Where a picture occurs in the data, omit it, and copy all remaining data exactly.

Start of Given data

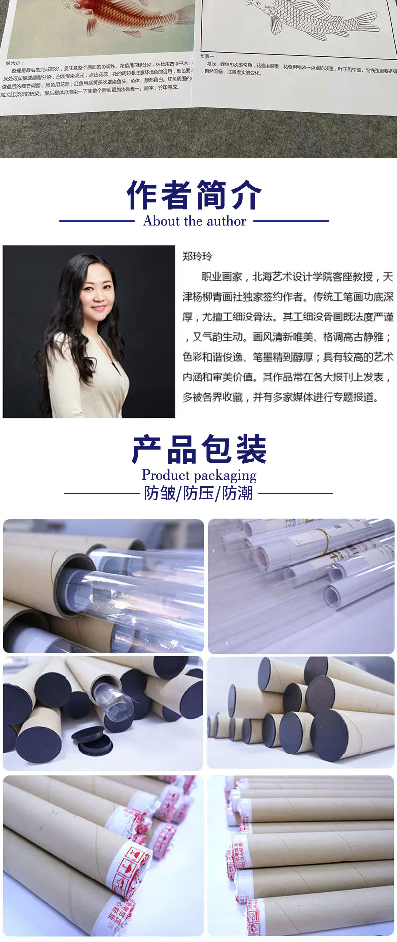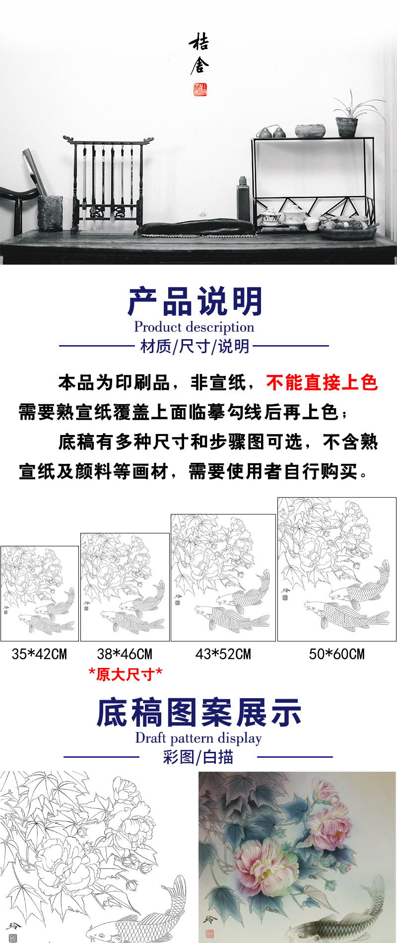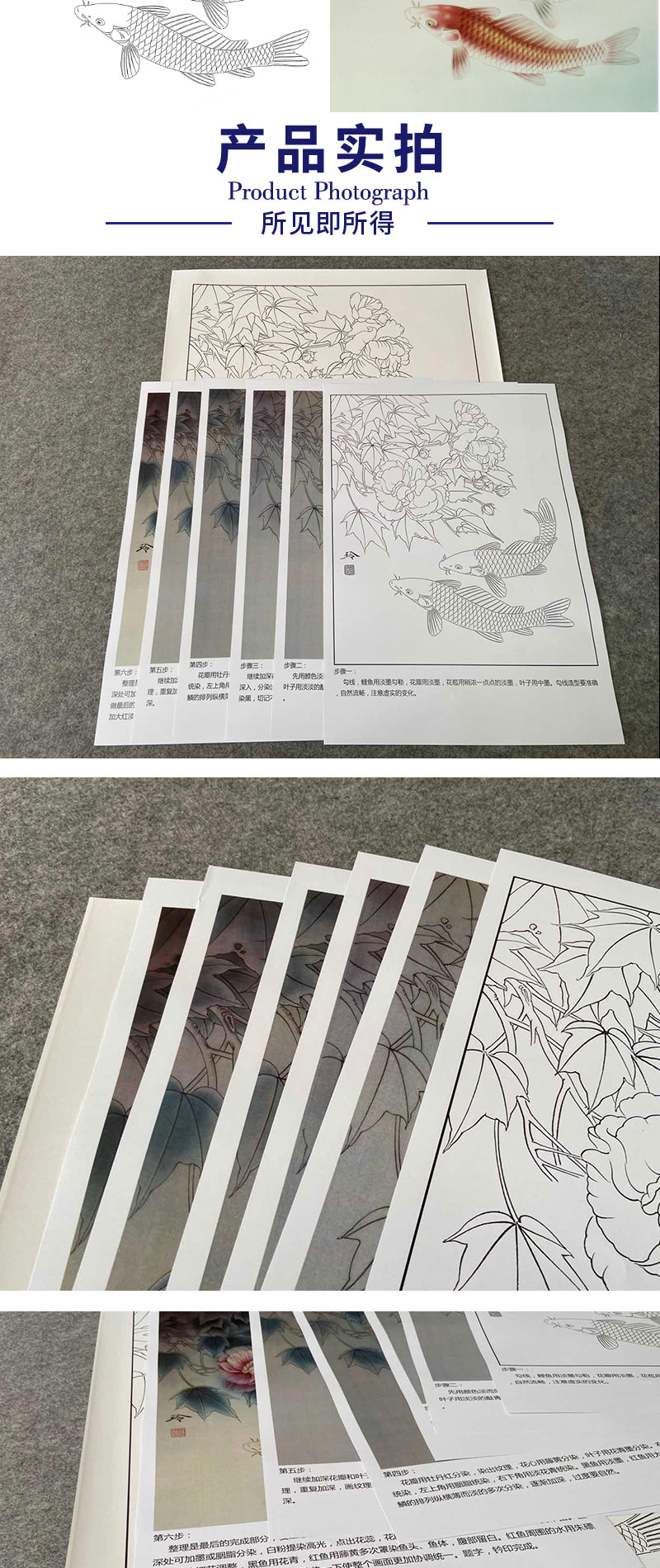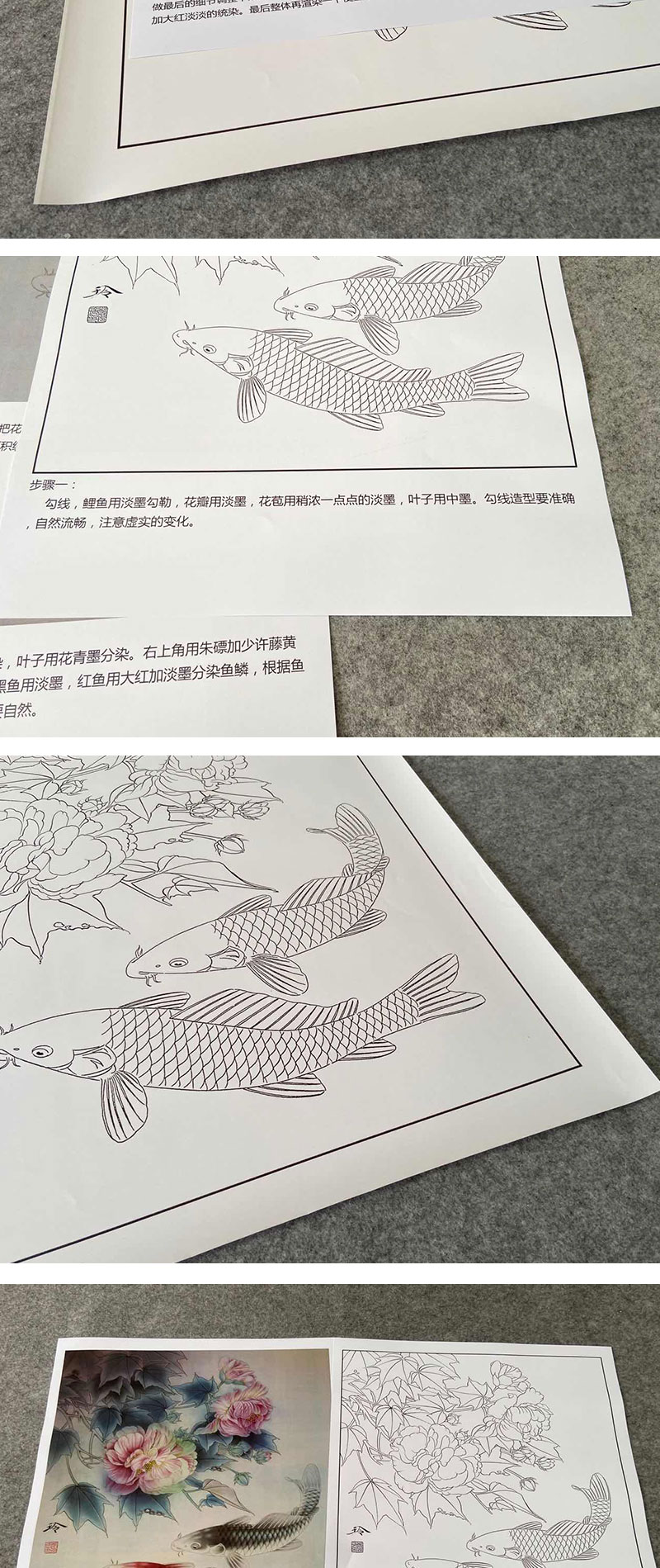 【有步骤、大彩图】郑玲玲工笔画白描底稿《锦上添花》鲤鱼初学者临摹花鸟线稿ZL39
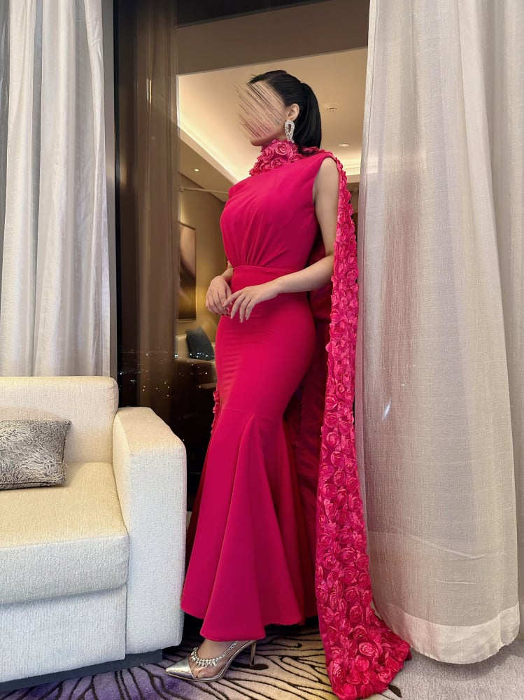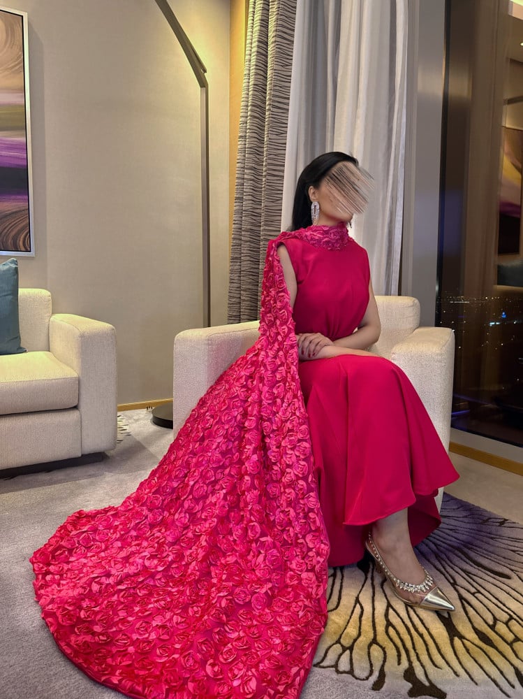 A very elegant evening pink dress that embodies femininity and sophistication, thanks to its unique design, especially with its back jacket worn from the neckline made of rose-patterned fabric, adding a wonderful elegance.
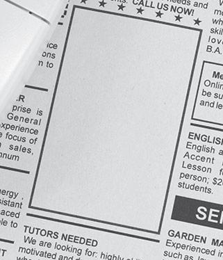 INSERT ADVERTISING: We can handle that for you. www.shoppersguideinc.com NO SCAMS, no commissions. Shopper’s Guide classifieds are the deal of the century! GET FIT for advertising! 1 column, 2 column, 3 column, and more! Call us: (413)-528-0095.
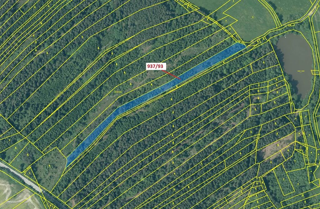 Lesní pozemek o výměře 8 502 m2, parcelní číslo 937/93, podíl 1/1, katastrální území Netřebice, obec Netřebice, obec s rozšířenou působností Kaplice, okres Český Krumlov, Jihočeský kraj. Po těžbě.

End of Given data

#### Answer area
 【有步骤、大彩图】郑玲玲工笔画白描底稿《锦上添花》鲤鱼初学者临摹花鸟线稿ZL39
 A very elegant evening pink dress that embodies femininity and sophistication, thanks to its unique design, especially with its back jacket worn from the neckline made of rose-patterned fabric, adding a wonderful elegance.
 INSERT ADVERTISING: We can handle that for you. www.shoppersguideinc.com NO SCAMS, no commissions. Shopper’s Guide classifieds are the deal of the century! GET FIT for advertising! 1 column, 2 column, 3 column, and more! Call us: (413)-528-0095.
 Lesní pozemek o výměře 8 502 m2, parcelní číslo 937/93, podíl 1/1, katastrální území Netřebice, obec Netřebice, obec s rozšířenou působností Kaplice, okres Český Krumlov, Jihočeský kraj. Po těžbě.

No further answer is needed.